* WHAT IS NEEDED
Leave out the pictures and repeat the entries below verbatim.

━━ DATA SUPPLIED

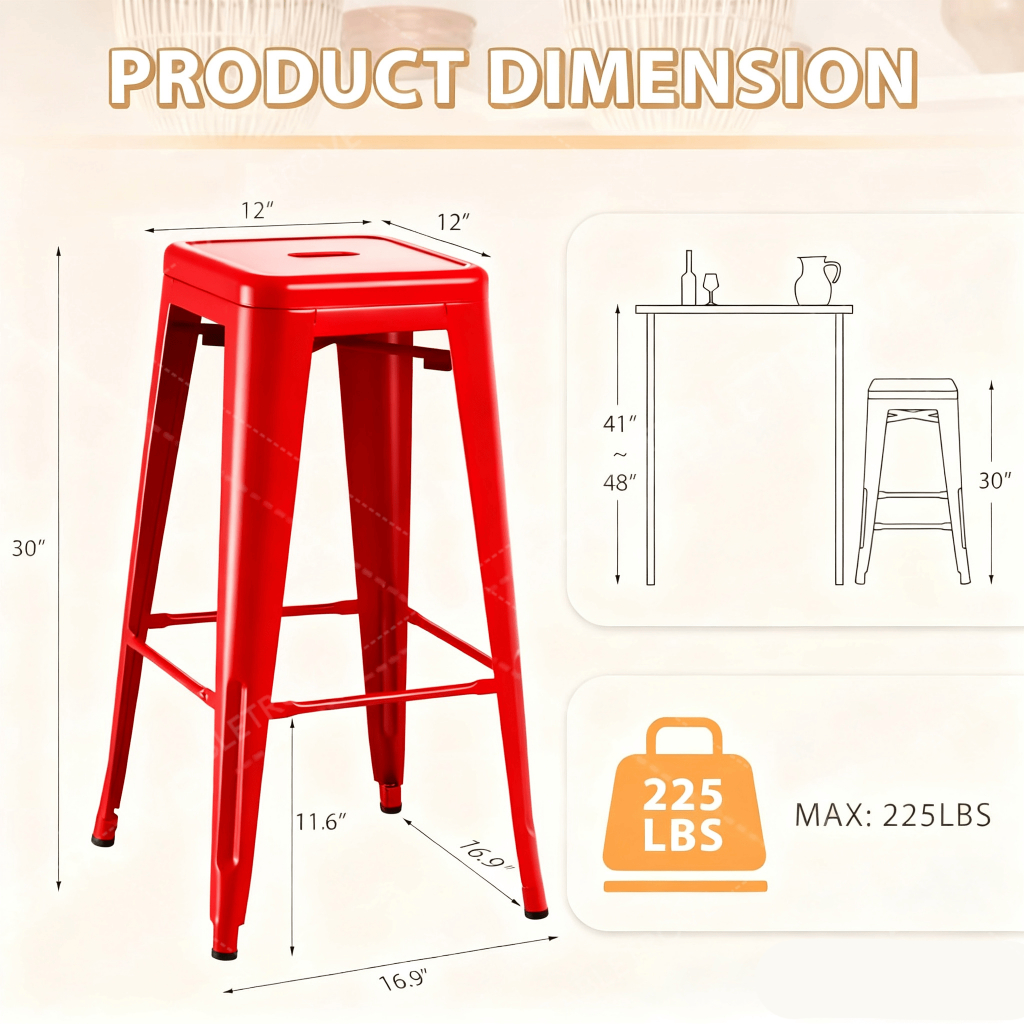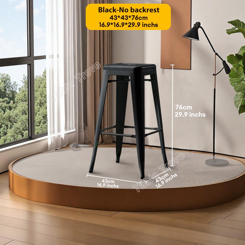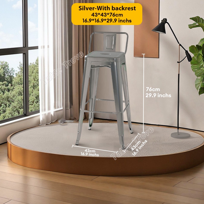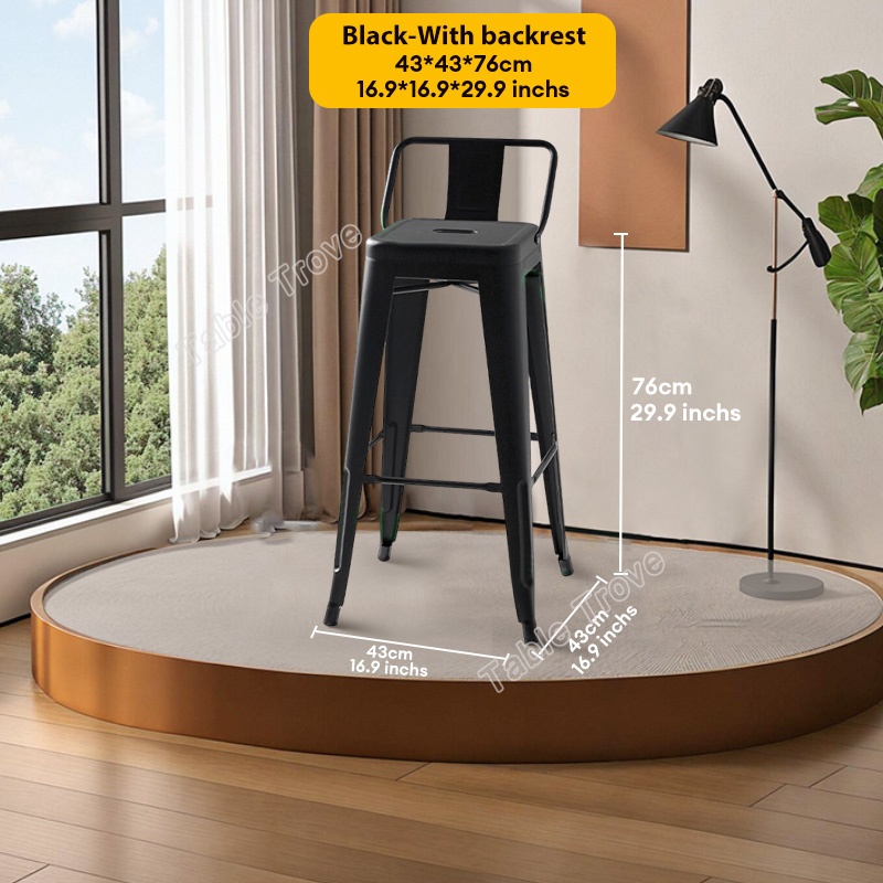 TABLETROVE Bar Stool Chair Red Metal Bar Chair 76/66/45 Size With Backrest High Iron Stool Chair
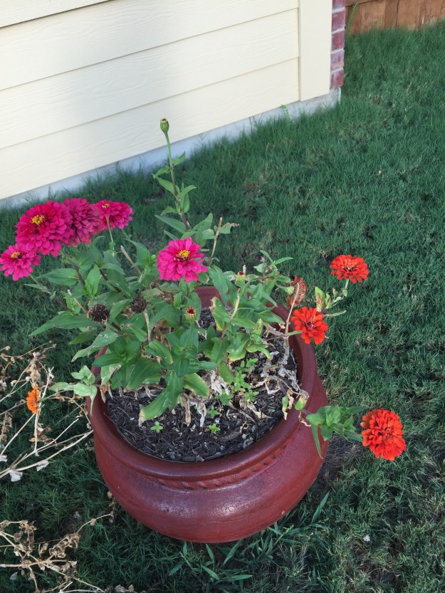 I’m constantly amazed at how productive zinnias are. Just when I thought the zinnias in my pots were on their last legs, I see more buds popping out of the leaves.
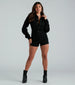 Your next daytime adventure calls for this trendy utility denim romper! Featuring slouchy long sleeves with elasticized cuffs. a collar neckline. button-down front closures. dual chest. and back pockets. belt loop accents along the waist. and a short-length cuffed hem. The romper is composed of premium denim fabric with minimal stretch. Complete the look with trendy sunglasses and sandals!
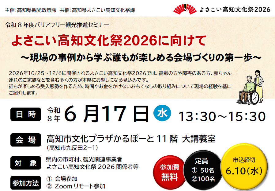 対 象 :県内の市町村、観光関連事業者、よさこい高知文化祭2026関係者等
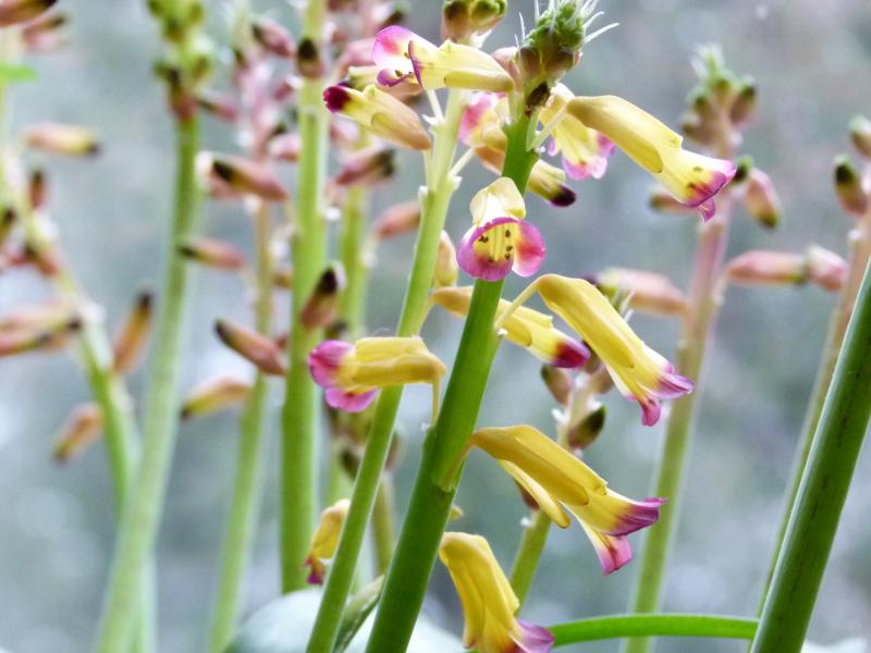 Lachenalia aloides ist bei der Kultur im kühlen Zimmer nicht ganz so glücklich, weil sie an den dunklen Wintertagen doch lieber etwas mehr Licht hätte. Diesen Winter haben Pflanzen davon profitiert, dass sie bis Januar weitgehend draußen bleiben konnten. Ein paar Nächte mit leichtem Frost überstehen sie sogar.E.

━━━━

* TASK RESULT
 TABLETROVE Bar Stool Chair Red Metal Bar Chair 76/66/45 Size With Backrest High Iron Stool Chair
 I’m constantly amazed at how productive zinnias are. Just when I thought the zinnias in my pots were on their last legs, I see more buds popping out of the leaves.
 Your next daytime adventure calls for this trendy utility denim romper! Featuring slouchy long sleeves with elasticized cuffs. a collar neckline. button-down front closures. dual chest. and back pockets. belt loop accents along the waist. and a short-length cuffed hem. The romper is composed of premium denim fabric with minimal stretch. Complete the look with trendy sunglasses and sandals!
 対 象 :県内の市町村、観光関連事業者、よさこい高知文化祭2026関係者等
 Lachenalia aloides ist bei der Kultur im kühlen Zimmer nicht ganz so glücklich, weil sie an den dunklen Wintertagen doch lieber etwas mehr Licht hätte. Diesen Winter haben Pflanzen davon profitiert, dass sie bis Januar weitgehend draußen bleiben konnten. Ein paar Nächte mit leichtem Frost überstehen sie sogar.E.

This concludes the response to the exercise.